How many people have Long Covid? No one knows as no one can even agree on what it is. The UK has put out studies estimating that about 3% of those who catch and recover from the disease will have long term sequelae. Some groups in the USA have suggested that this is a gross undercount and that upwards of 25-30% may have some sort of long term issues. This means that somewhere between two and 20 million Americans currently have Long Covid. What sort of treatments and supports they might need now and in months to come are anybody’s guess. Most large health systems, especially those with an academic component, have established specialty Post-Covid Clinics for long term monitoring and symptomatic therapy. As they collect and publish data over the next few years, we’re going to learn a lot more.
What tissues are involved? Well, the angiotensin converting enzyme (ACE) receptors which act as the doorway to the cell for the virus (it’s the thing in the cell wall that the spike protein is able to grab onto and anchor down) are found throughout the body. They are especially prevalent in the heart and vascular system. One of the more common groups of blood pressure medicines, the ACE inhibitors like lisinopril and enalapril also work through these proteins. It’s thought that the propensity of the virus to induce clotting may be somehow related to this concentration in the vasculature. The big issue here is the heart, which has the highest concentrations of ACE receptors. Data coming out of the VA suggests that prior COVID infection is a significant risk factor for later heart and cardiovascular complications with rates of stroke, heart attack, inflammation of the heart muscle, and arrhythmias all much higher in those who had infection versus those who did not. Serious infections requiring hospitalization or ICU stay increased risks of heart issues astronomically after recovery with rates four or five times those of control populations. Exactly what mechanisms are involved aren’t known as of yet.
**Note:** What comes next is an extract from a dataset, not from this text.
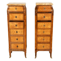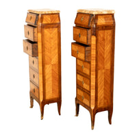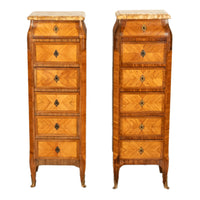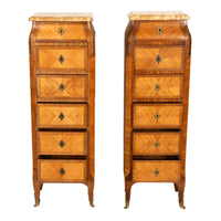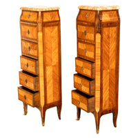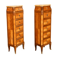 Antique Pair French Louis XV Chiffonier Marble & Kingwood Tall Lingerie Chests Circa 1880

Studies out of Europe show that the patterns of Long Covid vary significantly by sex and age. Women, especially younger women, seem to be at highest risk. Some of that may be due to women’s more frequent seeking of health care and encounters with the health care system leading to higher levels of reporting but there’s also some thought that the immune systems of women of reproductive age, being somewhat more active so as to protect the potential fetus, might be working slightly differently when they encounter the virus. Younger people of both sexes are more likely to report altered taste and smell over prolonged time than older people, while older people are more likely to have GI effects.
In about 40% of people, Long Covid presents as a relapse several months after the initial infection has been cleared. They may be well for three or four months and then start to have fatigue and other significant issues that may limit activity. These kinds of symptoms aren’t unique to Covid. Other viruses can cause post-viral symptoms, including the closely related SARS and MERS, but even more common things like the flu can do it, too.
What does all this mean? It means the coronavirus is not a great thing to have in your body and should, therefore, be avoided. If you do get it, you want it to be the mildest case possible. A case that puts you in the hospital may have unpleasant side effects down the road. How can you ensure that? Get your vaccine and your boosters. It’s by far the best weapon we’ve got to keep people as hale and hearty as they can be.